Vitamins are vital micronutrients that play essential roles in our bodies and must be consumed from foods with natural sources to remain healthy and survive. Vitamin D3 has long been acknowledged for its vitality to our wellbeing and survival.
Vitamins are water or fat-soluble nutrients, meaning any excess is excreted through urine. Unlike minerals, which can be synthesized by the body directly, vitamins must come from food sources in your diet to be effective.
Vitamin A
Vitamin A, also known as retinol, is a fat-soluble vitamin essential for many processes within the body, such as maintaining healthy vision, maintaining immunity and supporting foetus development in utero. It’s found in animal liver, breakfast cereals fortified with it and vegetables; also available as supplements and dietary pills; too much of this nutrient can be harmful.

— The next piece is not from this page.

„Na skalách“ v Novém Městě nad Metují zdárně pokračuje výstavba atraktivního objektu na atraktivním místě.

Studies suggest that taking vitamin A supplements such as retinol, retinyl palmitate, provitamin A beta-carotene or combinations may help prevent night blindness and slow the decrease in eyesight associated with age. Vitamin A plays an essential role in cell communication, growth, and development, as well as in producing natural chemicals which combat infection. Retinoic acid (RA), produced by antigen-presenting cells in the skin and mucous membranes lining airways, digestive tract, and urinary tract, may act as a barrier against infection. Furthermore, it helps convert CD4 T-lymphocytes into regulatory T-lymphocytes that suppress other immune cells that may cause inflammation.
Vitamin B6
B6 (also referred to as pyridoxine) is one of the water-soluble vitamins essential for many bodily processes, from metabolism of fats, proteins and carbohydrates, red blood cell production and DNA formation all the way through to maintaining healthy nerves, livers and skin.

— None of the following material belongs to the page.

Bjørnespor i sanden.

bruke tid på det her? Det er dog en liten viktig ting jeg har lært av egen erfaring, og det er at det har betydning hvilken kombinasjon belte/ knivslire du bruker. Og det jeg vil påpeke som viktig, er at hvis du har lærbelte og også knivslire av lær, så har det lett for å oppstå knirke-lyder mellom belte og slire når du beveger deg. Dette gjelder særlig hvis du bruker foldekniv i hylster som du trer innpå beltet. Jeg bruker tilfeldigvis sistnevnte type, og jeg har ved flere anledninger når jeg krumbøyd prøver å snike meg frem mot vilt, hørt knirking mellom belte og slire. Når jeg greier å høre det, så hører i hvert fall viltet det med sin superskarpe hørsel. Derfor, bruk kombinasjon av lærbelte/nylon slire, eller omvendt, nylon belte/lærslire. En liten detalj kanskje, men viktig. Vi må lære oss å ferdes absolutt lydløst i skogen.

Premenstrual Syndrome, or PMS, symptoms such as depression and irritability may be reduced with vitamin B6, believed to help produce neurotransmitters such as serotonin and GABA that regulate mood.

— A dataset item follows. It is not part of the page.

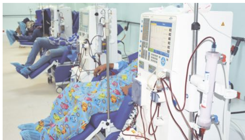
►El número de pacientes de hemodiálisis aumenta de forma sostenida en el país.

“Estrategias implementadas por esta Administración, a través de la Subdirección Nacional de Atención Primaria, como la Cita Única, los Centros de Bienestar y las Clínicas Cardiometabólicas, se han convertido en acciones oficiales importantes para mantener a la
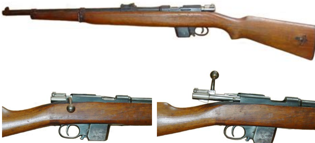
Carabina DESTROYER, segundo modelo

Probablemente, la patente obtenida por Gaztañaga en 1924 sería "partida de nacimiento" del segundo modelo de carabina DESTROYER, a alimentar con cargadores similares a los de las pistolas semiautomáticas Browning, con alojamiento o depósito que constituye prolongación del arco guardamonte, como los Mauser de repetición precedentes del Md. 1893

Studies suggest that taking high doses of vitamin B6 as a supplement could slow cognitive decline associated with aging and Alzheimer’s disease by reducing homocysteine levels in the body, although additional research should be conducted. It can be found in foods like meats, whole grains, nuts and fortified breakfast cereals containing it; moreover it serves as a cofactor in producing several enzymes and hormones like progesterone and testosterone which play key roles in health.
Vitamin C
Ascorbic acid or ascorbate, commonly referred to as the primary water-soluble vitamin, is an essential nutrient essential to body functions such as protecting proteins, lipids (fats), carbohydrates and nucleic acids (DNA and RNA) from damage caused by free radicals. Ascorbate has also been found beneficial in supporting immune functions as well as various metabolic processes throughout the body and serves as a natural antioxidant helping recycle other antioxidants such as Vitamin E.
Multiple observational studies have reported modestly inverse associations between vitamin C consumption and cancer risk; however, results of randomized controlled trials vary considerably.
Vitamin C can be found in fruits, vegetables and dietary supplements like tablets, capsules and powders. As supplements are not regulated by the Food and Drug Administration (FDA) like prescription drugs are, their amounts may differ considerably; before adding supplements to your diet it’s wise to speak to either your healthcare provider or registered dietitian nutritionist (RD/RDN).
Vitamin D
Vitamin D plays an integral part in bone health and strengthens bones by aiding calcium absorption, contributing to heart health, and helping fight infection. Our bodies naturally produce vitamin D when exposed to sunlight; alternative sources include food fortified with it or supplements; two forms are D2 (ergocalciferol) and D3 (cholecalciferol), with D3 being more easily absorbed by our bodies than D2.
Observational studies demonstrate that lower than optimal serum 25(OH)D levels are linked with an increased rate of several forms of cancer, such as breast, colorectal, lung, pancreatic, and prostate cancers. Unfortunately, no randomized clinical trials have demonstrated whether vitamin D supplementation reduces either cancer risk or overall mortality rates.
Observational studies have suggested that adequate vitamin D levels might decrease the risk of multiple sclerosis (MS). Unfortunately, however, a recent large clinical trial failed to show any benefit of supplementing with extra Vitamin D on symptoms, progression, or recovery – however these trials used different doses so more research needs to be conducted in this area.